# AIM OF THE EXERCISE
Give again, word for word, the lines below that run from the line with "别担心,食堂的师傅们早在正月" through the line with "Back-2-Back 2 days". Drop the pictures.

# DATASET RECORDS
⁂
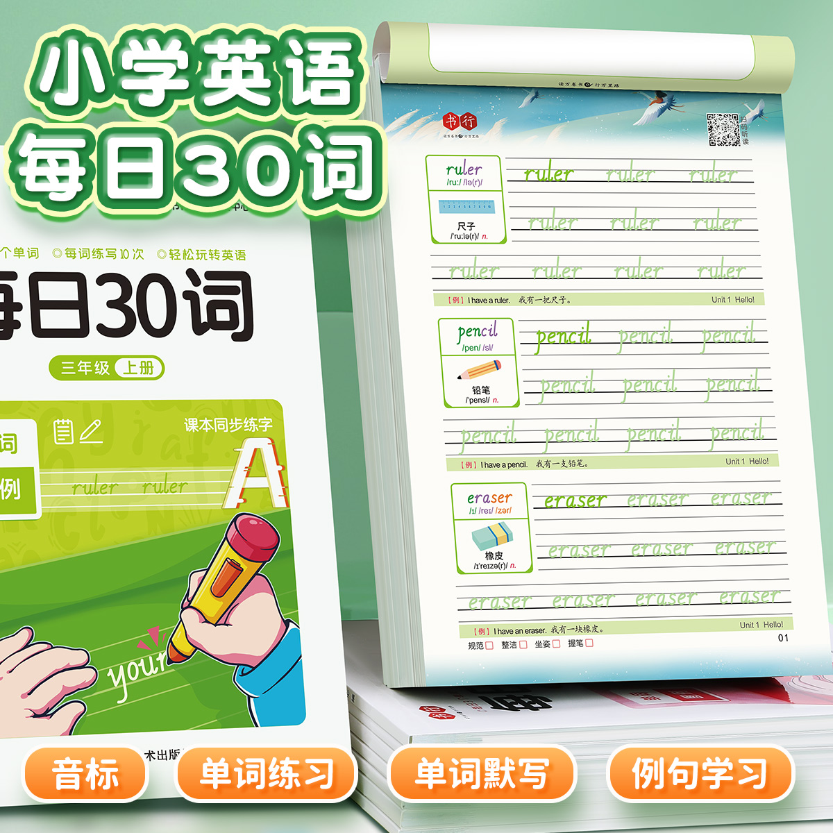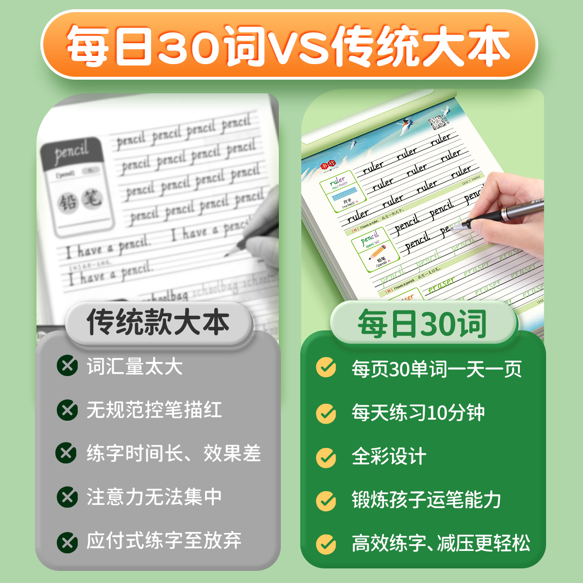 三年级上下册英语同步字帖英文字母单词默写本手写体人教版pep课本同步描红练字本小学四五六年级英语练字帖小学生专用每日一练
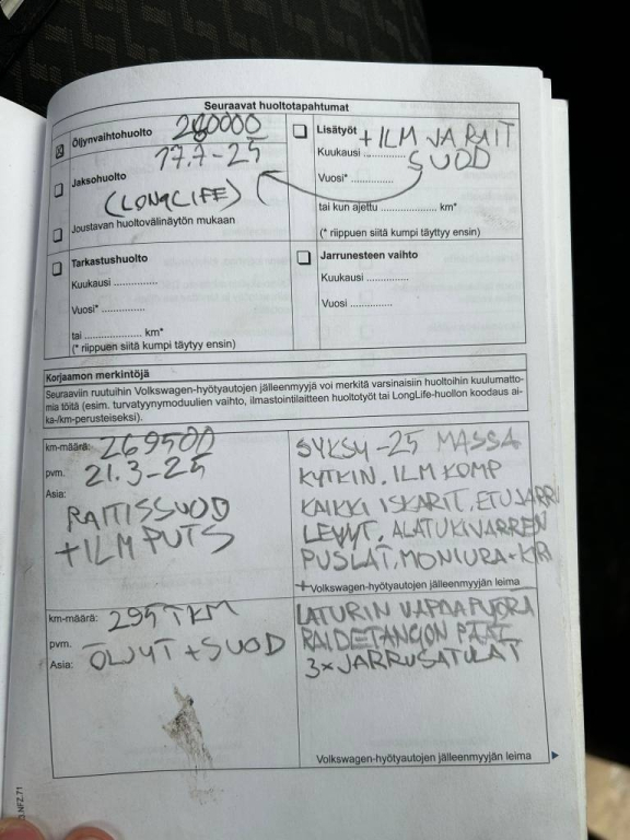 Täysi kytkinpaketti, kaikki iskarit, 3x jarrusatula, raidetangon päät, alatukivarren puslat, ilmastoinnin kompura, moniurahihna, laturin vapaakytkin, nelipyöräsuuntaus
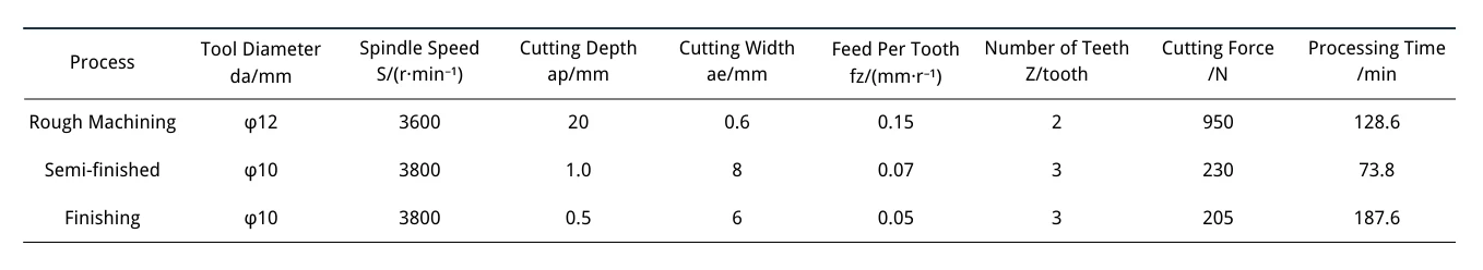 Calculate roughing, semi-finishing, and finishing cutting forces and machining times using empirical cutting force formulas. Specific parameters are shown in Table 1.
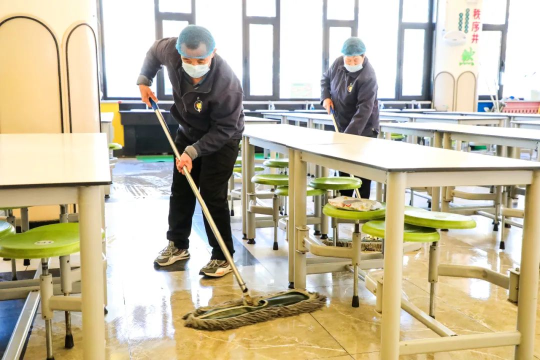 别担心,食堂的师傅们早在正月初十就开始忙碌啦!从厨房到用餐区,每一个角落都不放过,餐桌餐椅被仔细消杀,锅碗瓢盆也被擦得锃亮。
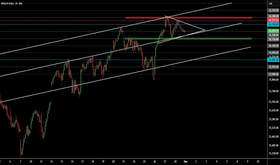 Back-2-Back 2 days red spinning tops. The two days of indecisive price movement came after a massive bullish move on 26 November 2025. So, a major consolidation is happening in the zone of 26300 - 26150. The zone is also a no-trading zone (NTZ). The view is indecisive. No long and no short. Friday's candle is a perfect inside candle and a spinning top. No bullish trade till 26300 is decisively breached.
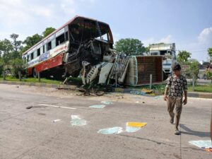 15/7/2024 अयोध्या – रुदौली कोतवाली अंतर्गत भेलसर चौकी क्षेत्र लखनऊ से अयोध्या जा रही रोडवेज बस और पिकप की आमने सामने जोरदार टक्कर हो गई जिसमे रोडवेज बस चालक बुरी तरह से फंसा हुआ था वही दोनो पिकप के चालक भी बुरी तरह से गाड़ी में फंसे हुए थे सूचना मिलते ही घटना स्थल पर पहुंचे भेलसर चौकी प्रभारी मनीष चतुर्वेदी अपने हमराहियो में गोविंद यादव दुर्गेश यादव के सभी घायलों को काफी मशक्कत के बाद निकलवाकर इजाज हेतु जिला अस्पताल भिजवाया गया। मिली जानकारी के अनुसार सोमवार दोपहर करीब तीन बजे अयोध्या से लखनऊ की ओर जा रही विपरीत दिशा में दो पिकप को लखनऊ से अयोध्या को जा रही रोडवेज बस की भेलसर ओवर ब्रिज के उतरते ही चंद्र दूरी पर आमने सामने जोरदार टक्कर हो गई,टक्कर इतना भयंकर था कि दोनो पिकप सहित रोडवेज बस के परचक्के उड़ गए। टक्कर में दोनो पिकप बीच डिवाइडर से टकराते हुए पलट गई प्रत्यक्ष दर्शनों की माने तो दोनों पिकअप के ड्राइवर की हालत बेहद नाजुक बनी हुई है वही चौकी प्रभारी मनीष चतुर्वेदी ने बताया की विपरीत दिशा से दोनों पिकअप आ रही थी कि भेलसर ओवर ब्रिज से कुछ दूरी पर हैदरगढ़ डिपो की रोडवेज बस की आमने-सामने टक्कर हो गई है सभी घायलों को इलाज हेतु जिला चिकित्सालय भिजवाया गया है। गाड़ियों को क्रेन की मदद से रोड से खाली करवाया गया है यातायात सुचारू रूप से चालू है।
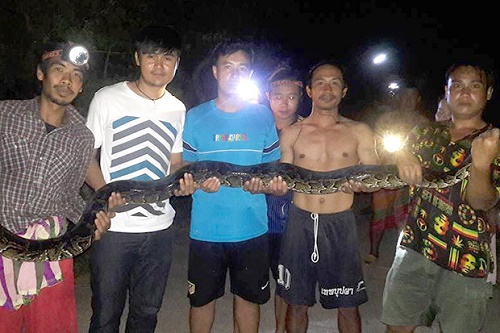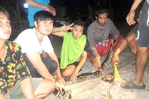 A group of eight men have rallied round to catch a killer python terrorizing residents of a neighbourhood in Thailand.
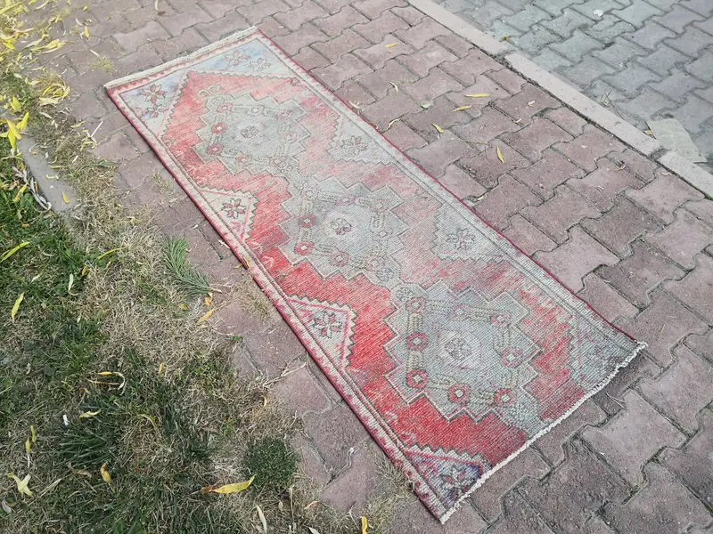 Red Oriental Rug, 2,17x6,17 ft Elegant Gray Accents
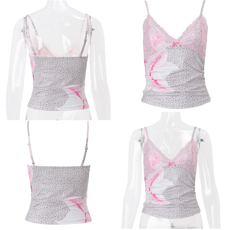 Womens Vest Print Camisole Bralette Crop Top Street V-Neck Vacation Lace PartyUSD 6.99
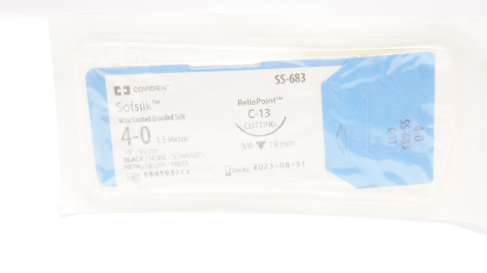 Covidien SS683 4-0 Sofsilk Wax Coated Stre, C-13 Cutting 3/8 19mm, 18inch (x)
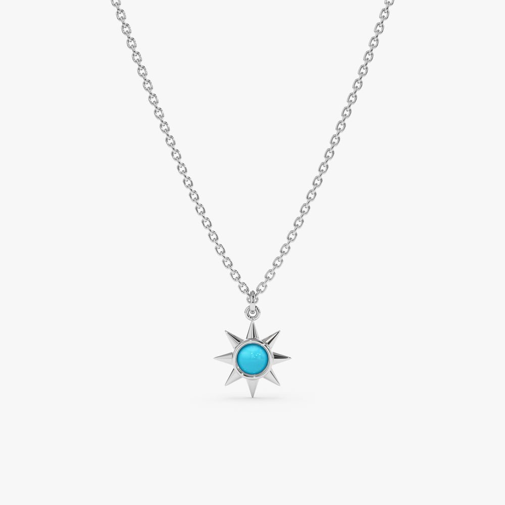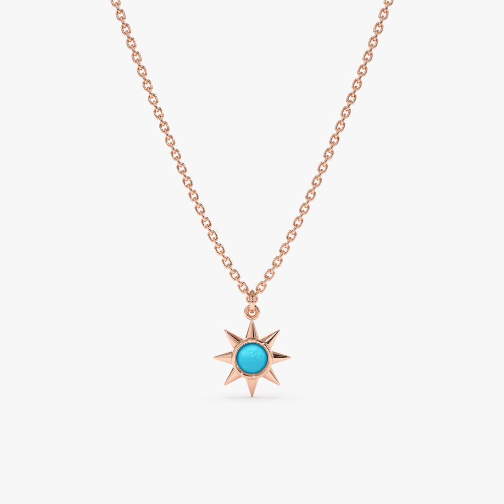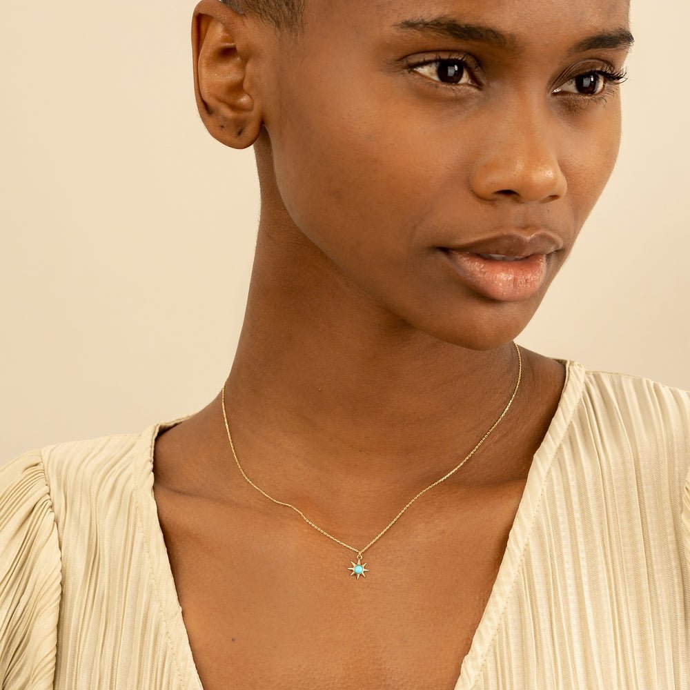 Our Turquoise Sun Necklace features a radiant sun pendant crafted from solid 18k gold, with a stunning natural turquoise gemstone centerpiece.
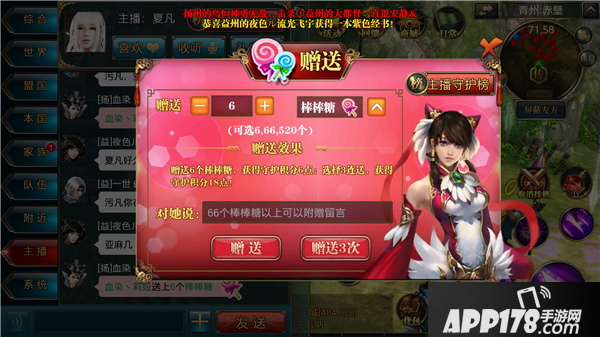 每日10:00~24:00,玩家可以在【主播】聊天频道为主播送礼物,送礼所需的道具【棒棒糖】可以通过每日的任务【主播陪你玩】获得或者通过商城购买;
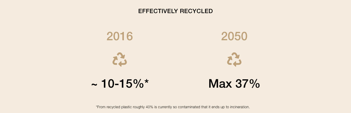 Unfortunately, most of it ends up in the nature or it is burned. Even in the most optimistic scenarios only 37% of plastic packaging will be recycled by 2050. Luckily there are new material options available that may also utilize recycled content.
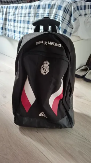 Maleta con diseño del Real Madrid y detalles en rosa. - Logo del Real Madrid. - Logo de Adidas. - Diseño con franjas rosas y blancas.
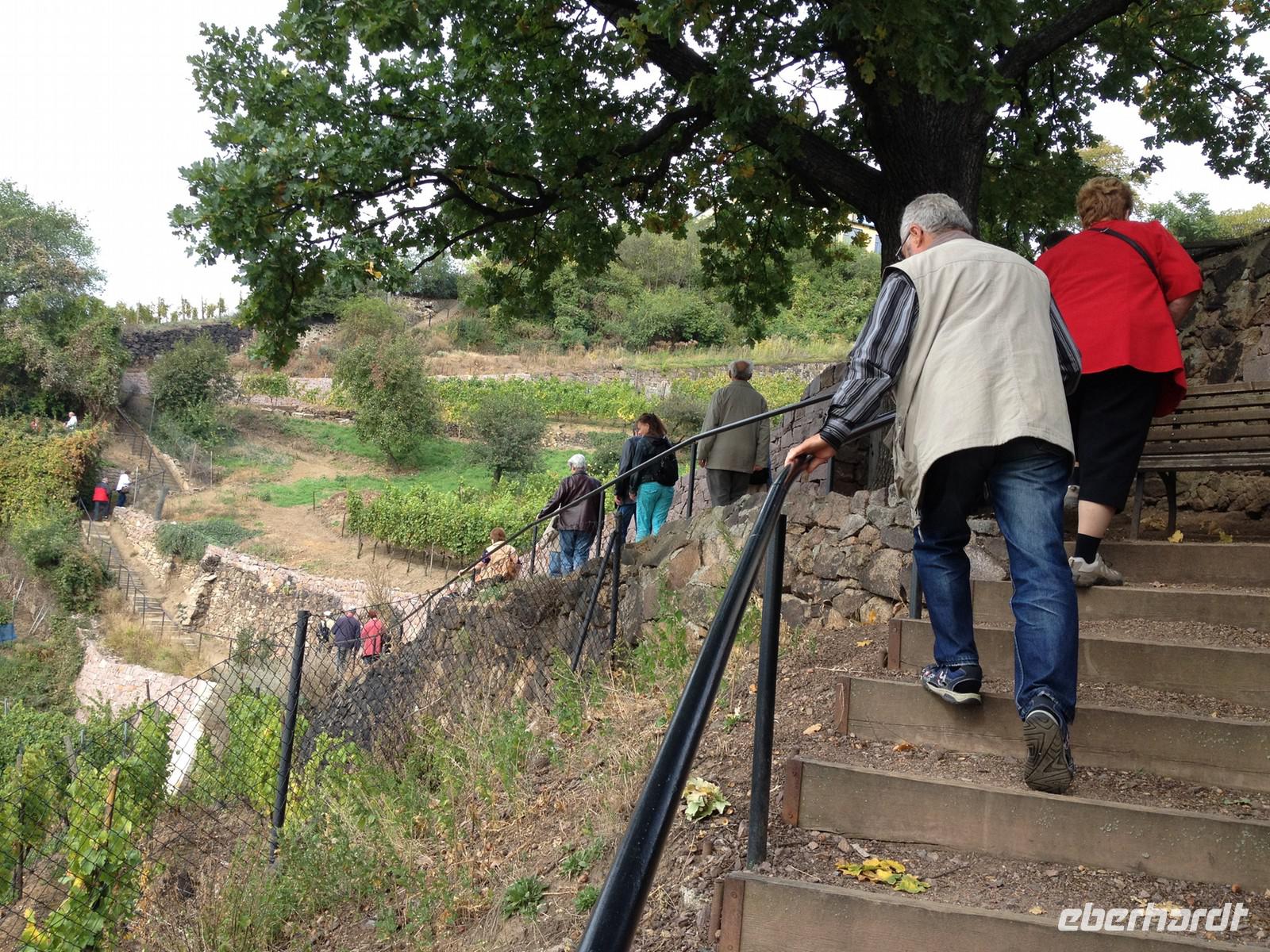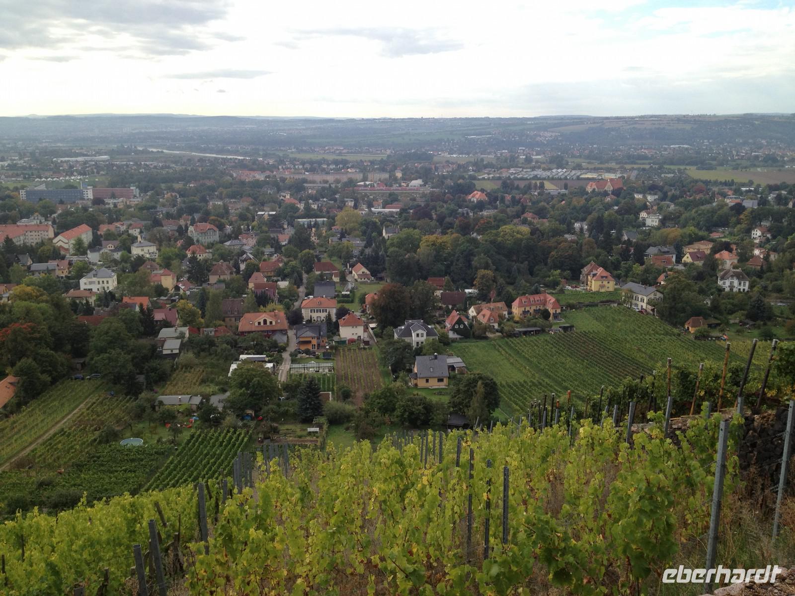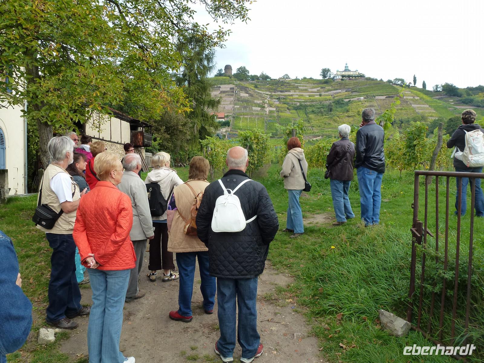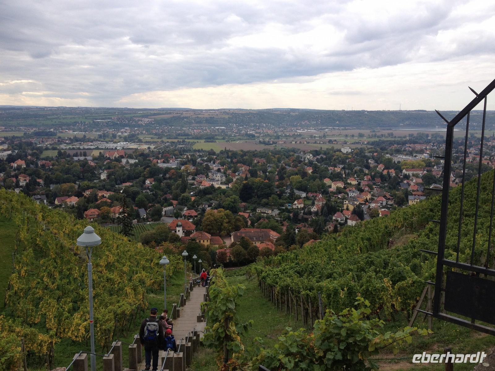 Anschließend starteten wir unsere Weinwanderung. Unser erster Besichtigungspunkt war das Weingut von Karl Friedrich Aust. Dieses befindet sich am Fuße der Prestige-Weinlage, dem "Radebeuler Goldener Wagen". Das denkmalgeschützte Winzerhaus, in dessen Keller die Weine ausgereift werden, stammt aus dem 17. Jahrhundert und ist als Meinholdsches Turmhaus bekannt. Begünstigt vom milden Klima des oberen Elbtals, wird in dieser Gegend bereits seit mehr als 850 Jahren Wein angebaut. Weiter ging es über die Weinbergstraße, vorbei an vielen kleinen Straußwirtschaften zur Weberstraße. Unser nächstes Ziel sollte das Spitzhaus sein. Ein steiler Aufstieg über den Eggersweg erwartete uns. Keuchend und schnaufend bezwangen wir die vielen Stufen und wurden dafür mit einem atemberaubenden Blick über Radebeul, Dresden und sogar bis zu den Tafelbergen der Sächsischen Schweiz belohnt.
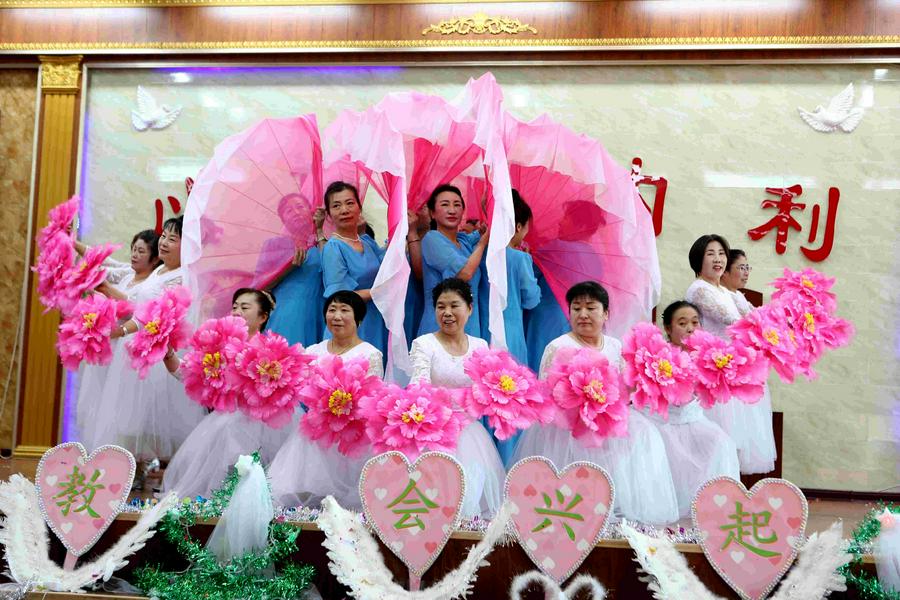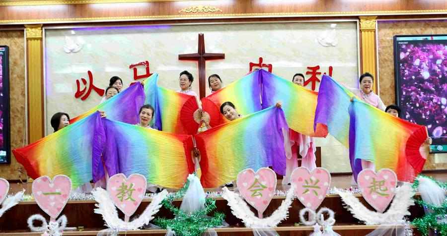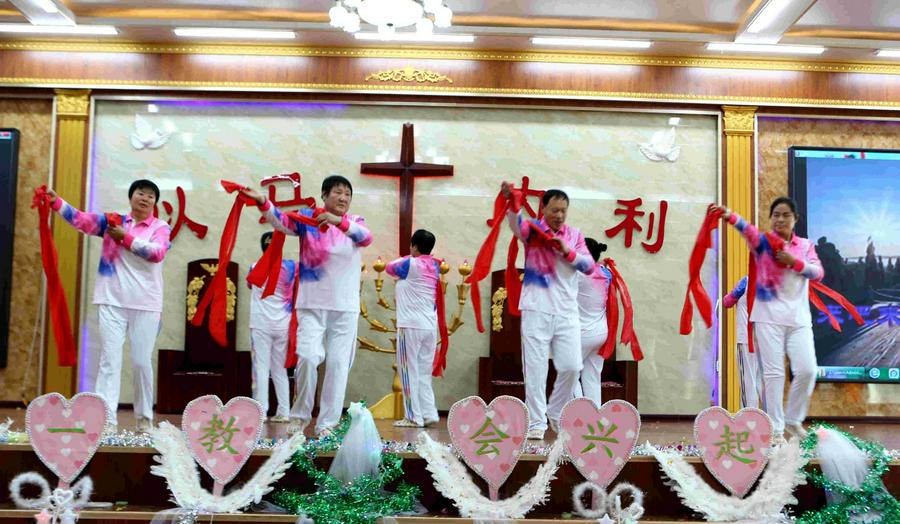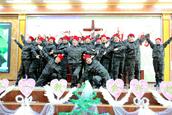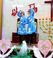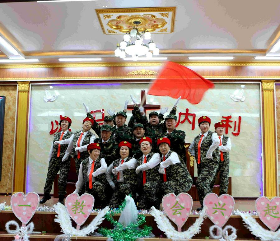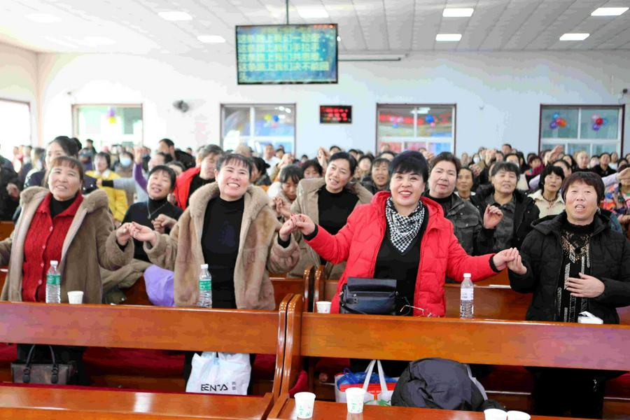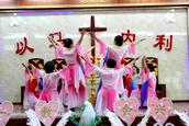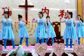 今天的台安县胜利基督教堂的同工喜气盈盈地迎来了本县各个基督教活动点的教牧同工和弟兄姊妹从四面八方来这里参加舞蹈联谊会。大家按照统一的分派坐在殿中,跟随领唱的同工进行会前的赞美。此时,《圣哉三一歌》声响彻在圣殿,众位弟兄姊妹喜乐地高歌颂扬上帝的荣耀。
⁂
# RESPONSE TO THE EXERCISE
 别担心,食堂的师傅们早在正月初十就开始忙碌啦!从厨房到用餐区,每一个角落都不放过,餐桌餐椅被仔细消杀,锅碗瓢盆也被擦得锃亮。
 Back-2-Back 2 days red spinning tops. The two days of indecisive price movement came after a massive bullish move on 26 November 2025. So, a major consolidation is happening in the zone of 26300 - 26150. The zone is also a no-trading zone (NTZ). The view is indecisive. No long and no short. Friday's candle is a perfect inside candle and a spinning top. No bullish trade till 26300 is decisively breached.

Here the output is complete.